The crushing defeat he suffered on the legendary, bone-chilling summit of Mount Mythar had shattered Akira's pride like a shard of glass. He carried a wound in his chest that was more than just physical; it was the weight of that gargantuan dragon's indifferent gaze, a gaze that had mocked him with the reality of how fragile and pathetic a mortal he truly was despite his Level 130 mana. He had failed the quest. Furthermore, on this path he had taken with a vow to destroy the Inquisition, he had stained his hands with the ashes and blood of an innocent tribe. He could not return to the Capital, to the Adventurer's Guild, or to Vargus's mocking, inquisitive eyes in this state—defeated and broken. Especially not with this little dark elf girl, a living embodiment of his guilt and shame, by his side.

The months ahead were like a freezing reflection of hell on earth. Akira turned his route completely away from the Capital, toward the unknown, wild depths of the map. His goal was survival and the reconstruction of his strength and his broken pride.

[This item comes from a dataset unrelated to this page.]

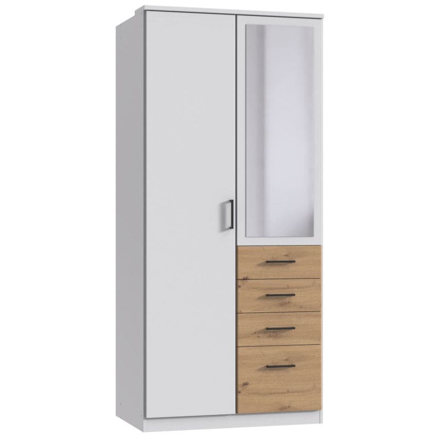 Kogu sarja mööbel on valmistatud kvaliteetsest mööbliplaadist. Kapp pakub mugavat hoiuruumi, kapp on jaotatud kolmeks osaks, mõlemal pool ääres ülemises osas üks riidepuutoru ning riiul, keskel kolm metallsiinidel liikuvat sahtlit ning kaks vaheriiulit. Käepidemed mustas toonis. Uksel olevad peeglid on praktilised ning lisavad avarust.
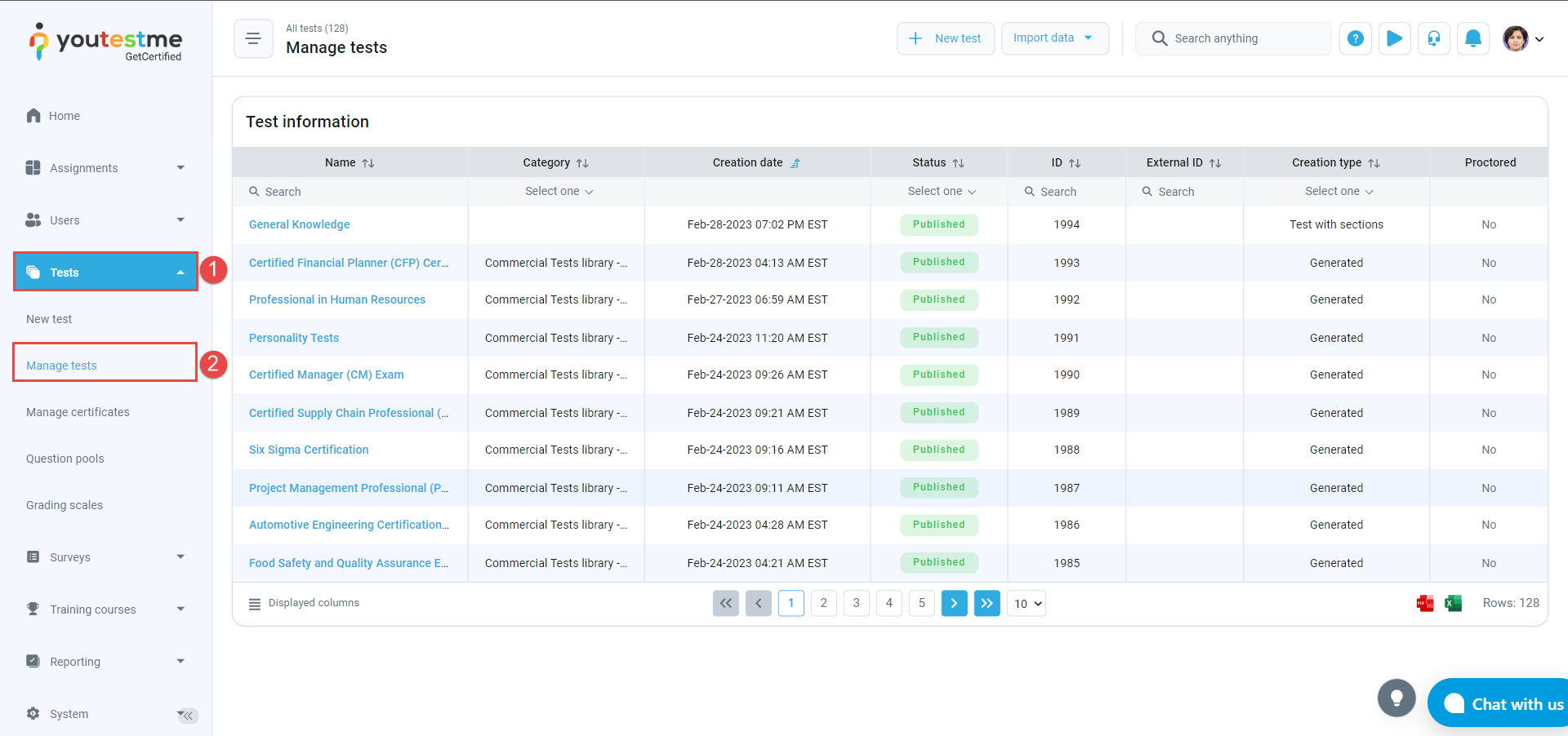 1. Click on the “Tests” tab in the main menu and select “Manage tests” and choose the desired test.

However, this struggle for survival in the forest was not just against nature; it was against the five-year-old dark elf girl he had dragged away and "saved." The hatred within the girl was sharper than the mountain's freezing cold. In the first weeks, she refused to eat, sealing her lips until she grew weak and fainted. Akira was forced to feed her the meat of the wild boars or deer he hunted by holding her down, sometimes using magic to pry her jaw open. At night, whenever Akira closed his eyes from exhaustion, the girl attacked his jugular repeatedly with sharp stones or shards of bone she had found, only to be hurled back every time by his mana, which functioned as an automatic defense mechanism. Not a single word was shared between them. One was a fake adult—silent, hollow, and scorched by regret; the other was a feral kitten, her eyes dripping with pure malice, burning with the flame of revenge.

After these bloody and grueling months, the suffocating, dense fabric of the forest gradually began to thin, and the trees were replaced by a wide path carved with muddy wagon tracks. The rusty scent of civilization mingled with the air.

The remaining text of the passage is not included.